We have obtained global and phosphoproteomic data with matching next generation sequencing data for 18 patient-derived xenografts (PDXs) representing the major clinical subtypes of BC. Our workflow starts with the creation of several protein sequence databases that serve as a template for mass spectrometry database identifications. These databases include 1) completely annotated reference protein sequences, 2) patient-specific databases that were created using next generation sequencing data, 3) isoform databases that contain all possible splicing combinations, and 4) amino acid sequence database resulting from a six-frame translation of the entire human reference and customized genomes. All mass spectrometry raw data are searched against the databases for obtaining identifications at the peptide level, and assembly of peptides for quantification using taxonomy-based label-free quantitation (LFQ) that can specifically quantify unique human peptide sequences found in PDXs. The peptides are then mapped to the human genome and visualized using a genome browser. Quantitative changes across PDXs are presented at the protein level or at the isoform level via peptide role-up to specific exons and visualized as a quantitative data track.

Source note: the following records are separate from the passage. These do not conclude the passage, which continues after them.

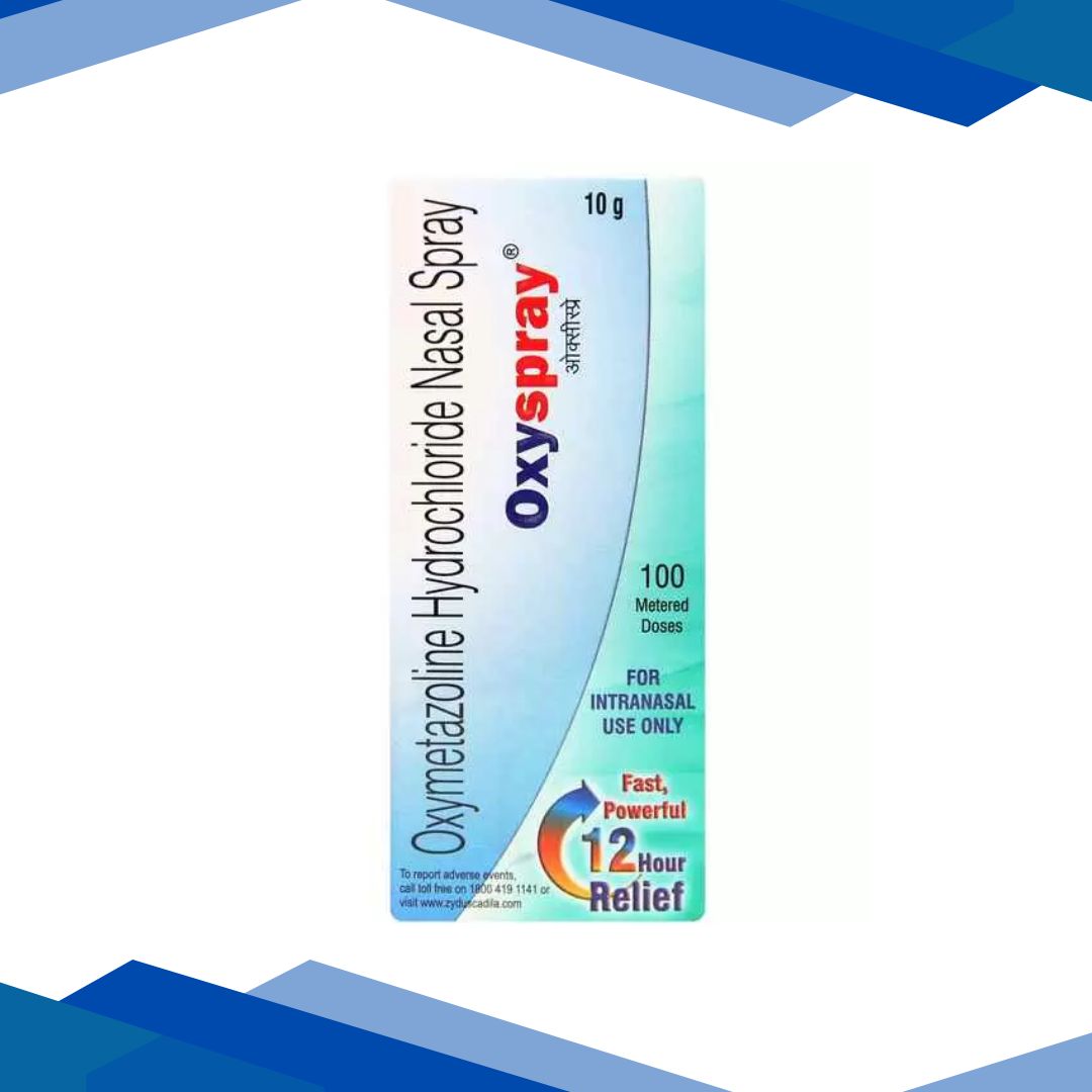 OXYSPRAY SPRAY contains Oxymetazoline which belongs to the group of medicines called Nasal decongestants. It is used in adults and in adolescents (aged 12 years or above) to provide relief from nasal congestion, itching and discomfort caused due to common cold, sinusitis (inflammation of the sinuses) or allergic rhinitis (an allergic condition).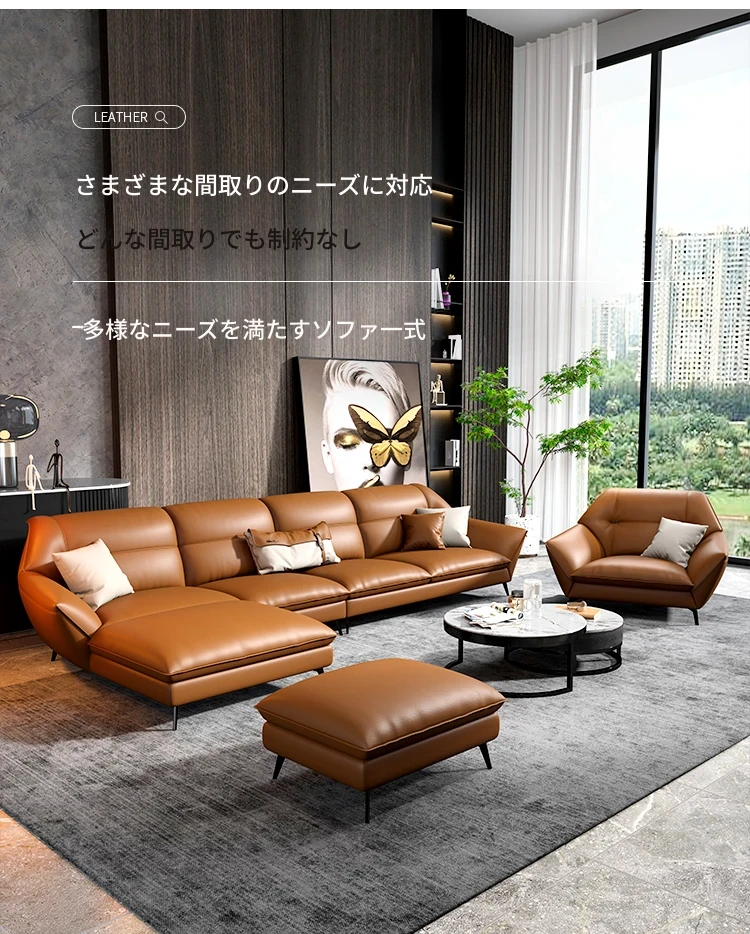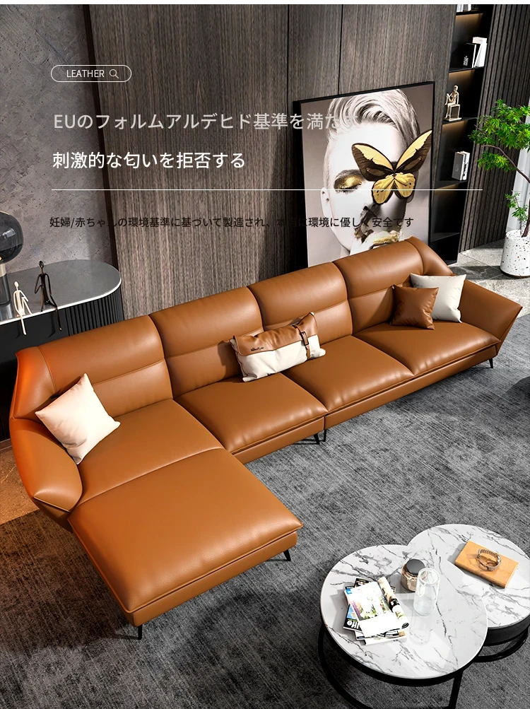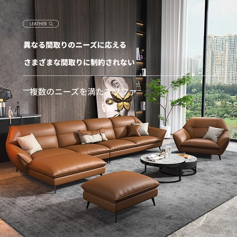 本革使用!イタリアンミニマリズムの最新デザイン、上質なトップグレイン牛革を使用したモダンシンプルリビング用25周年記念、ラグジュアリーなカウチコーナーソファ。おしゃれな空間を演出します!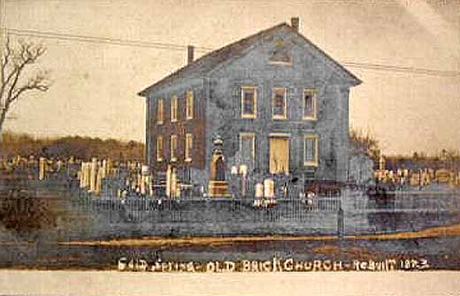 This slightly different version of the secomd card reflects the fact that the Old Brich Church is not the first church on the site. In 1718 a log meeting house was erected there. A larger frame meeting house was constructed in 1762. As noted above, the current church dates from 1823.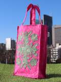 7. ハワイアンキルトA4バッグ ハイビスカス モスグリーン オン ショッキングピンク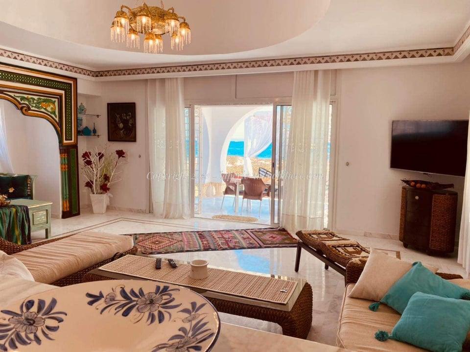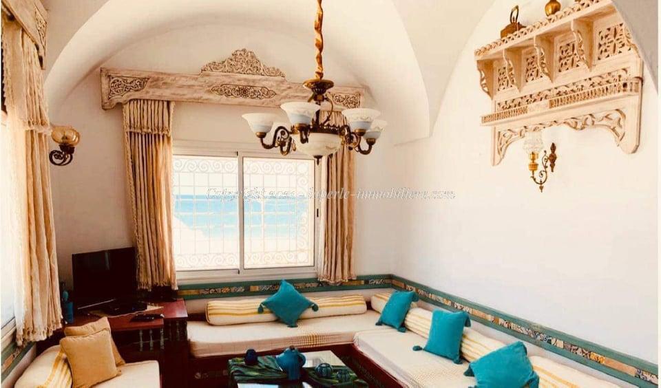 Pour vos location saisonnière dans un emplacement idéal Une demeure de charme pieds dans l 'eau de type s+5 à kélibia avec vue panoramique .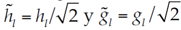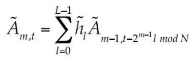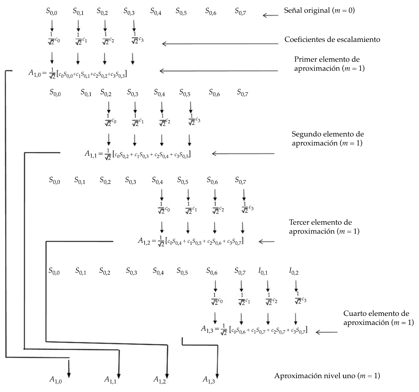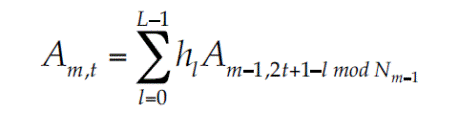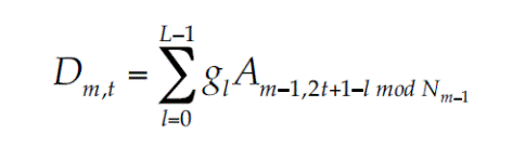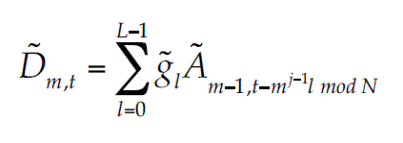 donde t = 0, 1, ..., NJ - 1, Am,t es la aproximación de la señal en la escala m, posición diádica t, Dm,t es el detalle para los mismos parámetros. L es la longitud del filtro y el índice (m - 1, 2t + 1 - l mod Nm-1 ) significa el submuestreo y remuneración diádica, y la función mod es el módulo aritmético para realizar la convolución. El proceso de reconstrucción es la transformada inversa.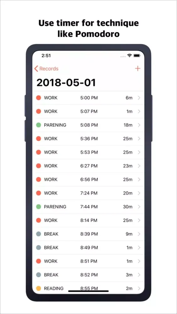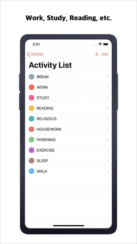 * Activity list management (work, study, reading, parenting, exercise, etc.)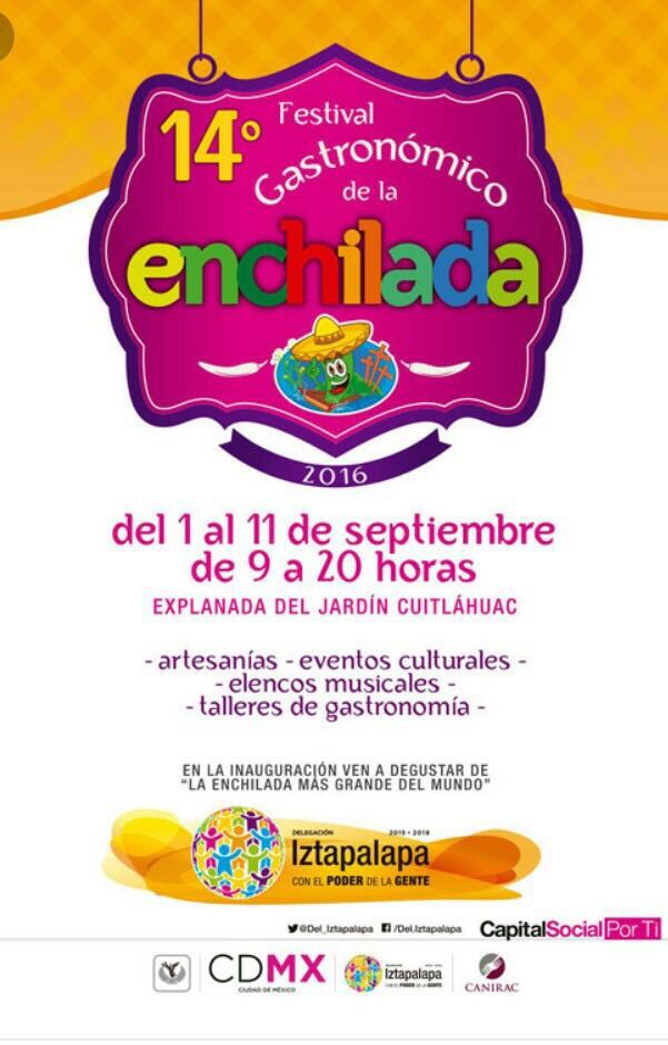 En la Macroplaza del Jardín Cuitláhuac encontrarán las enchiladas iztapalapenses (con charales), queretanas, oaxaqueñas, verdes, rojas, mole, así como las potosinas y veracruzanas.
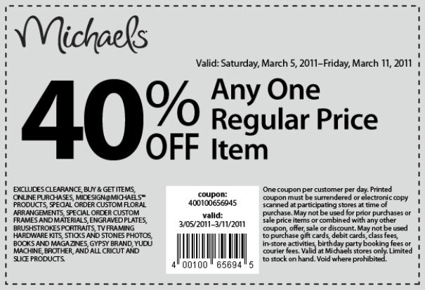 The second coupon is for 40% off any one regular price item and is valid from Saturday, March 5 - Friday, March 11, 2011)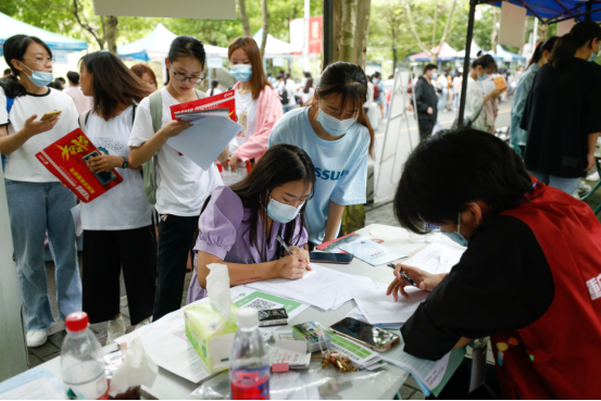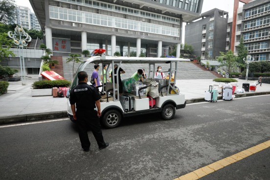 迎新现场,各学院与相关部门在校园主干道、学生宿舍、食堂等处设立迎新服务点,为新生们办理入学手续,提供咨询、导引服务。为更好服务新生,今年学校准备了接驳车,往返于学校南门与学生宿舍为新生们运输行李,还设立服务点为新生们提供免费水饮。

By combining search results from these databases we obtain a comprehensive view of our PDXs. The complementary nature of the databases enable greater proteomic depth, i.e. databases with complete splicing combinations capture proteomic evidence when patient-specific databases fail due to possible erroneous RNA-seq reads. Similarly, 6-frame translated amino acid databases can capture potentially novel coding regions but are unable to detect splicing. Peptide maps are obtained for individual genes or specific protein isoforms covering both knowledge-driven and novel genomic annotation types. We compile peptides carrying variants, splice junctions, fusions, and new coding regions specific to each PDX or in common with a specific BC subtype. Majority of data is mapped back to the genome loci using unmodified peptides via global proteomics while phosphopeptides that contain variants and splicing are also mapped in a similar manner using phosphoproteomic data.
We have currently annotated 455 novel proteogenomic hits covering many examples outlined above for genes related to breast cancer and show how these can be specifically identified and in some instances differentially quantified in the PDX models.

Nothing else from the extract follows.